Removing MAAS from a system is painful

Bug #1416027 reported by Raphaël Badin
6
This bug affects 1 person
Affects Status Importance Assigned to Milestone
maas (Ubuntu)
Invalid
Undecided
Unassigned

Bug Description

One would expect `sudo apt-get purge maas` (or something simple like that) to be enough to completely remove a MAAS installation from a system. But this doesn't work. Because of the structure of the different MAAS packages, one needs to remove a lot of packages to finally get rid of MAAS (maas-cluster-controller maas-region-controller python-django-maas, etc.)
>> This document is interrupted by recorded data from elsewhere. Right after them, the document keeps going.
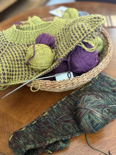 The book is beautiful. I love the idea of a signature representing an emotion or pillar. The sweater is coming along. It’s fun to see the different color combinations that have been chosen. I do wonder at the choice of that pullover for knitting in one month but I imagine they thought it created a challenge and an opportunity for learning for experienced knitters. It sounds as if the instructor is doing a terrific job.
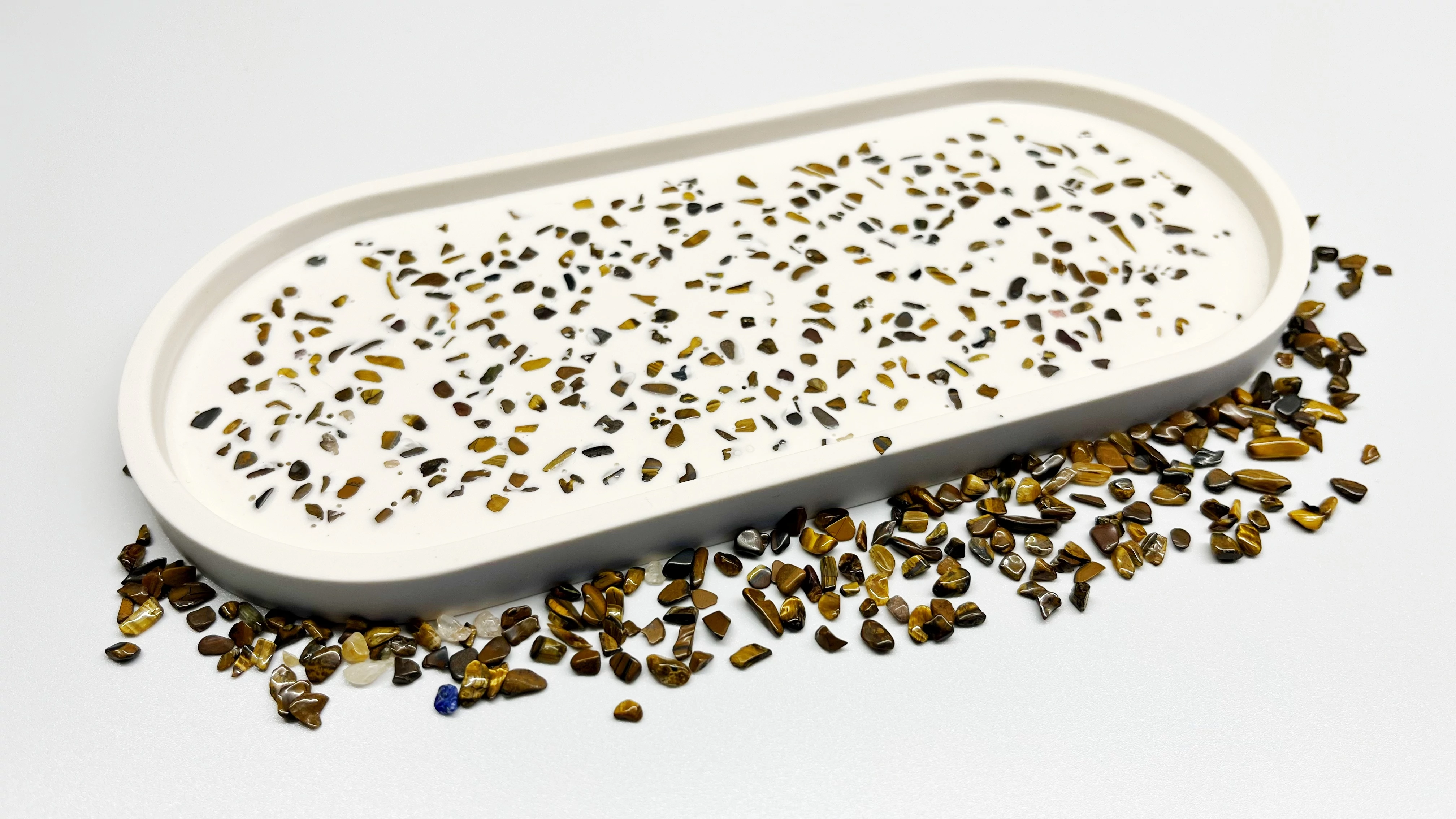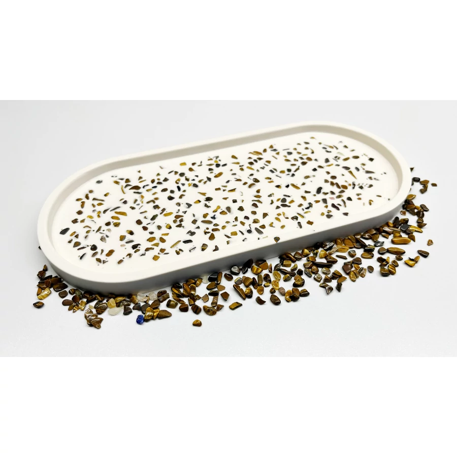 Ennek az elegáns, egyedi tálcának a különleges díszítését a tigrisszem ásvány adja. Nem csupán esztétikai élményt nyújt, hanem a természet különleges energiáit is magában hordozza. A tigrisszem ásványnak erős hatást tulajdonítanak. Úgy tartják, hogy segíthet az érzelmi elakadások feloldásában, elősegítheti a stressz csökkenését, erősítheti az idegrendszert, pozitívan hathat a csontokra és ízületekre.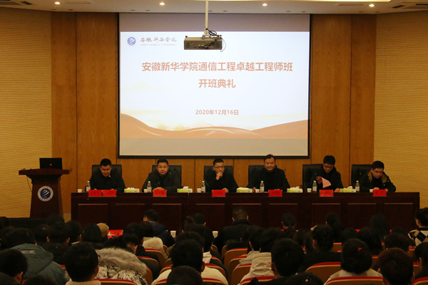 本网讯(通信员:陈璟)2020年12月16日下午,beat365官网举行通信工程卓越工程师开班典礼。校长助理、电子工程学院执行院长王琦进,中兴教育管理有限公司副总经理李保桥,华为安徽政企业务部副总经理李华强,深圳市讯方技术股份有限公司 安徽区域总监马劲松,联通(安徽)产业互联网研究院工业互联网行业总监武涛,电子工程学院副院长汪青、罗振林,中兴教育管理有限公司区域总经理姚磊,中兴教育管理有限公司安徽区域校区运营总监王干,电子工程学院通信系全体教师、2020级通信工程专业学生参加了此次开班典礼。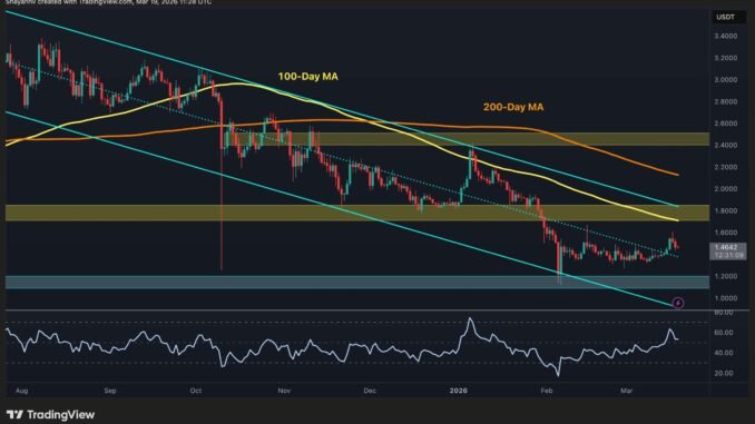 That leaves XRP in a tricky spot. The current move looks constructive, but it still resembles a relief rally inside a larger downtrend rather than a clean breakout. If buyers can force a reclaim of the $1.75 to $1.80 region, the door opens toward the much heavier $2.40 to $2.50 resistance area. But the price would also need to climb above both the 100-day and 200-day moving averages to reach this area. Until then, the bounce is not decisive.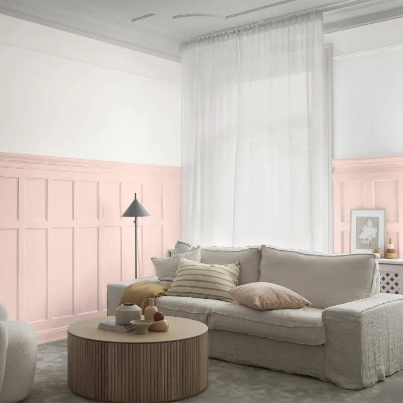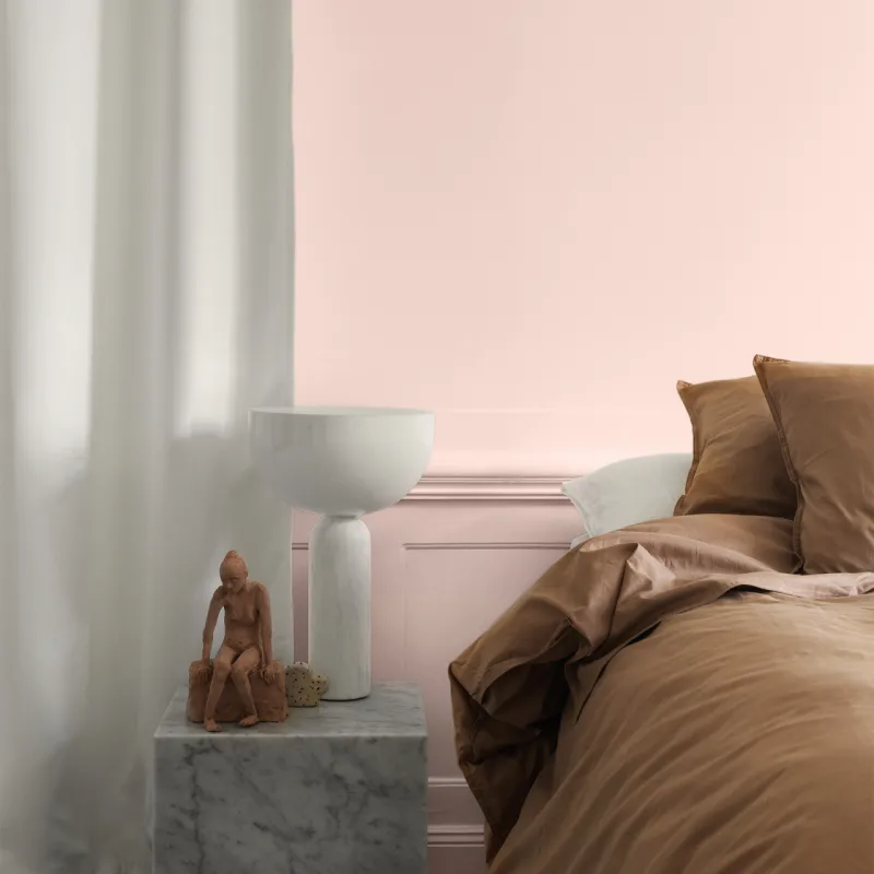 Balett är en dämpad varmrosa kulör som ligger nära nyansen på klassiska tåspetsskor. Den varma undertonen ger en mjuk och inbjudande känsla och kulören passar särskilt fint tillsammans med gröna och blå nyanser för en balanserad och harmonisk palett. Den är även mycket fin till krispigt vit.

Revision history for this message
Andres Rodriguez (andreserl) wrote :

Hi Raphael,

This is how APT work. If you want to remove the dependencies that were automatically installed by 'maas;, you need to:

sudo apt-get autoremove --purge

Otherwise, when you purge a package, the dependencies it installed ar market candidate for removal, but they are not removed automatically.

Marking this bug invalid.

Changed in maas (Ubuntu):
status: New → Invalid
Revision history for this message
Andres Rodriguez (andreserl) wrote :

roaksoax@unleashed:~$ sudo apt-get remove --purge maas
[sudo] password for roaksoax:
Reading package lists... Done
Building dependency tree
Reading state information... Done
The following packages were automatically installed and are no longer required:
  dbconfig-common libecap2 maas-cli maas-cluster-controller maas-common
  maas-dhcp maas-dns maas-proxy maas-region-controller
  maas-region-controller-min postgresql python-django-maas python-iscpy
  python-maas-client python-maas-provisioningserver squid-langpack squid3
  squid3-common
Use 'apt-get autoremove' to remove them.

Revision history for this message
Raphaël Badin (rvb) wrote :

> This is how APT work. If you want to remove the dependencies that were automatically installed by 'maas;, you need to: `sudo apt-get autoremove --purge`

Well, I understand your point but you'll admit that it's strange to do this:
`sudo apt-get purge maas`
And after that, to still have MAAS fully installed!

I mean, it's okay when a package leaves some libraries installed behind once removed (and I understand it's how API works) but in MAAS' case the *entire service* (region, cluster) is still installed and running after you uninstall the `maas` package. It's really counter-intuitive.